The smaller motors may have an advantage on that note, since they not only have a lower moment of a inertia than the larger motors, but also their inductance per coil is reduced (since they usually have fewer turns per coil, and I think the smaller radius plays a role, too).
One interesting thing that I did notice from the TED video was that the guys related several key components, such as lift and rotational rate, to the radius of the propeller. I should point out though that this is not exactly the case, as they've forgotten about the pitch of the propeller as well.
For those who don't know, the fastest a propeller can
ideally churn through
any media is the same speed as its pitch. Realistically, I think that the propeller itself can achieve about 90% of its theoretical maximum, and less when the drag of the craft it's pulling (or pushing) comes into play.
I know that for a fact, in an [outrageously] ideal fluid, the calculations for the craft's maximal rotational speed is (w*P) / L, where w is the rotational speed of the motor ( unit revolutions per second), P is the pitch (unit distance per revolution) and L is the distance from the craft's center of gravity (same unit distance).
even if your not regulating the motor speed that rapidly you can still sample the sensors and run your control algorithms so that when it comes time to update the motor's output you have the best solution possible to get the desired output.
That's more or less oversampling, which should have the same effect as anti-aliasing. I think, however, that the ESC's play a role here too, as the one's I've used have a Nyquist filter on them (essentially it halves your bandwidth right then and there). Computations that have a relative frequency that is higher than the ESC's bandwitdth will be tossed out... meaning you just wasted a bunch of power on calculations that you don't use.
the tricky part is that all your sensors may update at different rates, and all your control systems have electrical and mechanical delays, you probably cant sample your fps as fast as you can sample your gyro and accelerometer. any sensors that need to process a large amount of data will not be able to update very quickly. essentially all your ins and outs operate at different sample rates. you could run it all in one main loop, but you would be limited by your slowest sample rate.
This is where frequency analysis and design comes in handy. You can apply frequency filter on the algorithms per sensor. A really basic example of this doubles as a simple way of fusing the IMU data of the accelerometer and the gyrometer: the complimentary filter. What this does is filter out the frequencies considered "noise" by both sensors and fuses them into one reading, say, your pitch angle. If you did your discrete math right, you'll get a clean reading from across both sensors, with either a small dip or a small bump in the signal gains at the points the sensor's bandwidths overlap.
you kinda have to employ some degree of multi-threading so that all your inputs and outputs can be updated at their optimal rate. i dont want to even think about the kind of mayhem that causes on your control system.
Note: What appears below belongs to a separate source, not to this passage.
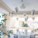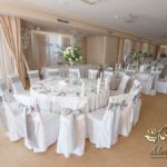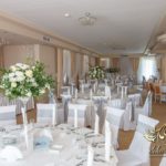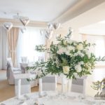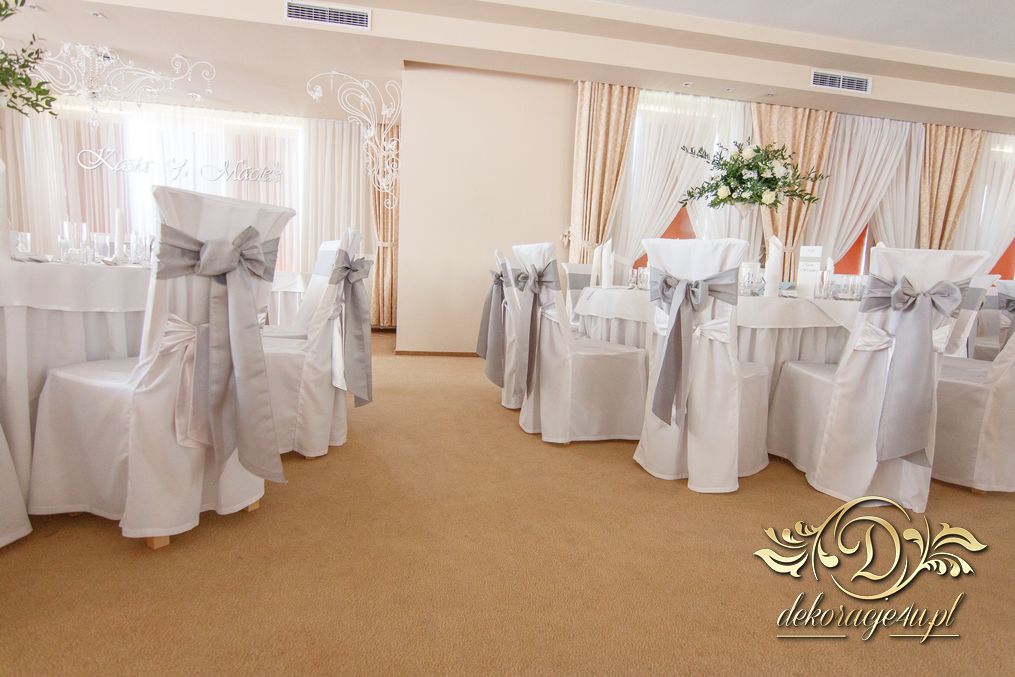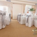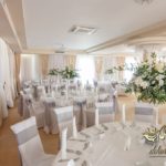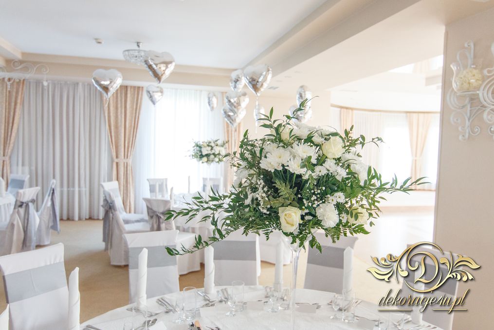 Piękna sala weselna z Zarzeczu koło Rzeszowa HIBISKUS, tym razem zagościły tak nasze piękne duży bukiety dla gości weselnych w tonacji białego i z dodatkiem liści zielonych. Dodatkowo na krzesłach szarfy srebrne, które są bardzo modne w tym roku.

Multi-threading is definitely a must in this type of system, even though the control algo's themselves are pretty much pipelined, the sensor data will be used in multiple control algo's... Top that with sensors (EDIT: and/or algo's) operating at different frequencies and voila, a need for an OS.
Oh, and it shouldn't cause much mayhem with the control system, at least with a PID or FLC type. Outputs of some controller blocks will be an input to others (like linear motion down into rotatory motion), and they all finally get summed up to the final output.